When she decided to take part in a New Bridges focus group before the organization was officially under way, she received a phone call from someone she went to college with, a personal connection New Bridges prides itself on coordinating.

"It's a very lonely experience going to a synagogue and not knowing anybody," said Donsky, who now chairs New Bridges. The hope is that people will experience new and welcoming encounters through the program, and then feel more accepted at Jewish events.

"That personal touch has been great," said Sandoval, adding that when New Bridges people say they will call, they do. "If you're going to synagogue, someone will call and say, 'Do you want me to meet you at the door?' Other Jewish organizations don't do this. They assume it will be so comfortable to walk through the door, but it's not."

Weinstein said many Jews feel that if they do not fit the mold of a fairly well-off married couple with children, they do not feel at ease at synagogue.

"We've found that we're most effectively servicing people who feel they're outsiders, either single parents, singles in their 40s and 50s, or gays and lesbians," said Weinstein.

The key to the organization's success, its members believe, is its reliance on focus groups. Usually meeting in a member's living room, these groups provide an intimate venue for people to voice exactly what they're looking for in terms of community.

The groups meet based on commonalities and interest: social action, single parents, gay men and lesbians, spirituality and women, to name a few.

"Then we ask what they're looking for," said Weinstein, "and what hasn't worked, and what can they do to create it?"

The focus groups have transformed into a tool to help people connect with each other—not just a method of needs assessment, said Donsky. "And by helping people create what they're interested in, we're informing them about the community."

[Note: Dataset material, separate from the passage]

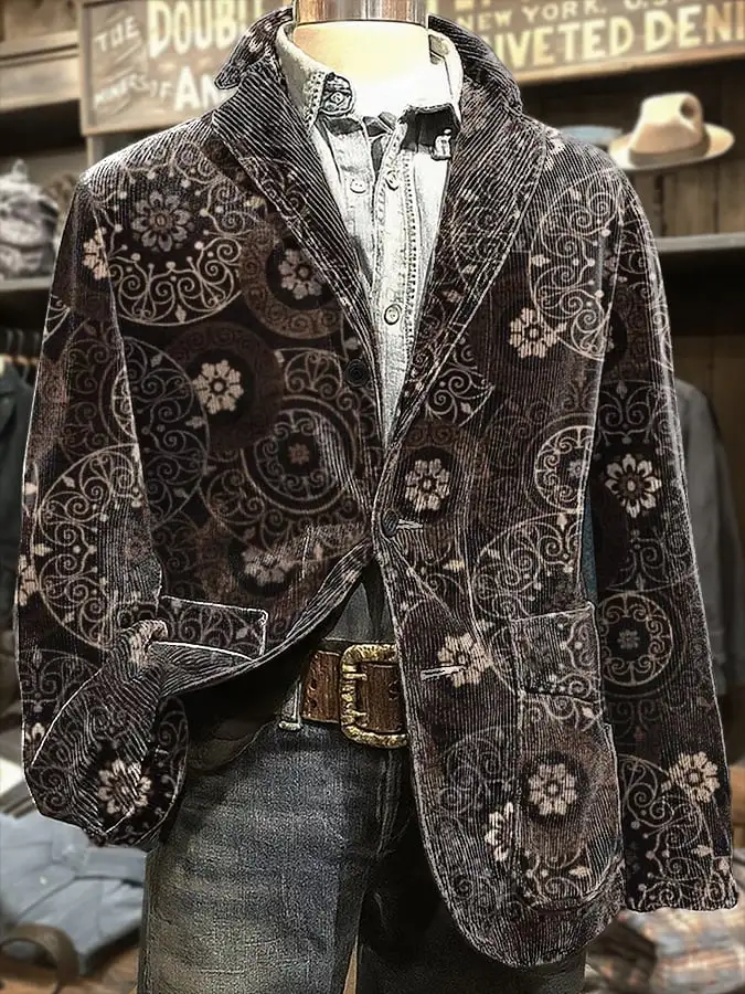 Men's Casual Retro Color Block Corduroy Jacket 11026123

Weinman, for example, joined a singing group, and she's invited some of the members she's met to come over for Shabbat dinners. She's also been volunteering for the organization, and working at the Bureau of Jewish Education.

"New Bridges has afforded me all kinds of connections, programs and activities," Weinman said. "They do what they say."

But New Bridges is also making a difference in the lives of those who are already affiliated. Alan Warshaw of Palo Alto belongs to Congregation Beth Am in Los Altos Hills, but said that since joining New Bridges, his sense of community has greatly expanded.

"A synagogue does not serve all purposes in serving a community," he said. "New Bridges adds value to my Jewish experience by enlarging my feeling of community beyond one synagogue."

Warshaw joins on hikes, and has helped organize a singles group for middle-aged people that holds an informal coffee hour every Wednesday. And through this group, he's made friends that he sees outside of the New Bridges framework.

While New Bridges is now focusing its efforts on the Peninsula, Weinstein hopes it will eventually expand into San Francisco and the East Bay. But in the meantime, she is thrilled with the overwhelming number of people who feel that the program has really accomplished what it set out to do.

"We recognize all these things will not have dramatic effects overnight," she said, "but subtle effects over a long period of time."